> [WHAT IS EXPECTED]: For the entries below, return the line holding "3年生は、パソコンを使ってア" together with all lines after it, unchanged, and leave every picture out.

> [RECORD EXTRACTS]:
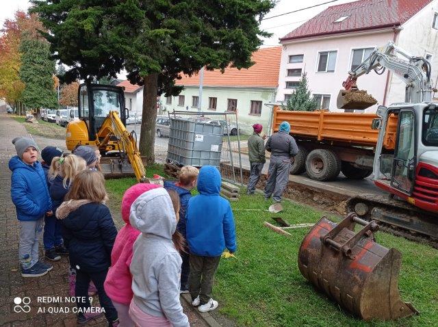 Djeca starije A skupine Nevena su pokazala interes za praćenje radova na sanaciji vodovoda kroz naš grad. Tijekom šetnji imali su više puta priliku promatrati radove radnih strojeva kako kopaju rupe, postavljaju cijevi i vrše tekuće radove.
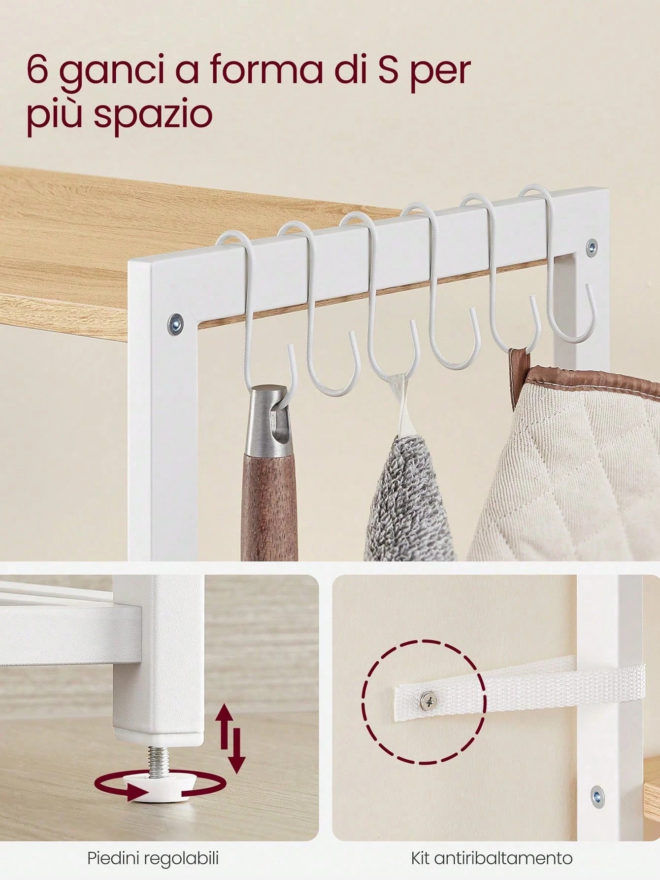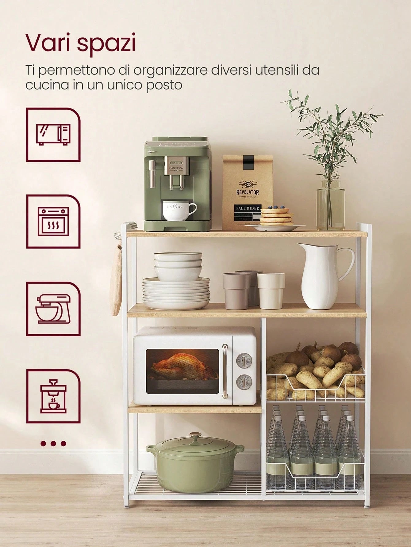 Scaffale multifunzionale per microonde e organizzazione cucina.
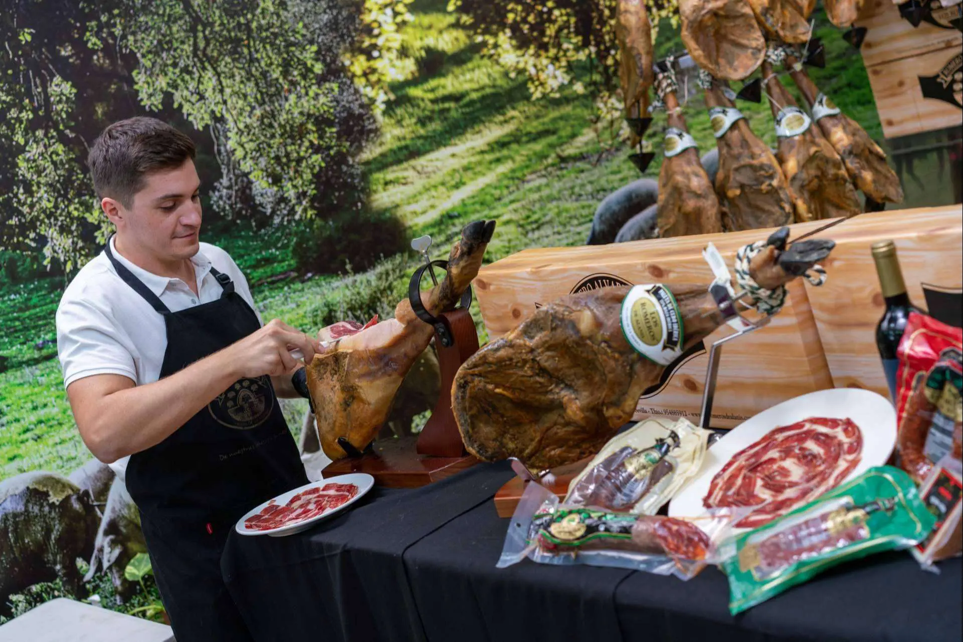 A su vez, los lotes navideños contienen caña de bellota, lomito ibérico de bellota y morcón ibérico de bellota, así como salchichón cular, jamón curado superior y jamón de bellota, entre muchos otros productos típicos.
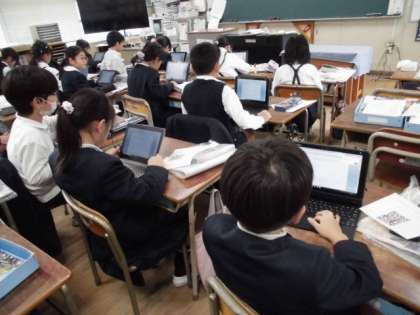 3年生は、パソコンを使ってアンケートをしたり、学校用のアプリの使い方を確認したりしていました。
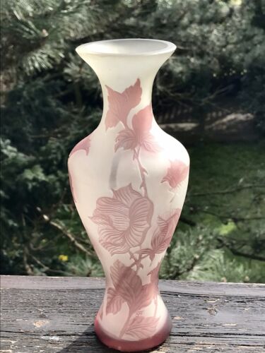 Antik Wundervoll! Jugendstil Vase Glasvase Glas Cameo Rosen geätzt Signiert

> [COMPLETED TASK]:
 3年生は、パソコンを使ってアンケートをしたり、学校用のアプリの使い方を確認したりしていました。
 Antik Wundervoll! Jugendstil Vase Glasvase Glas Cameo Rosen geätzt Signiert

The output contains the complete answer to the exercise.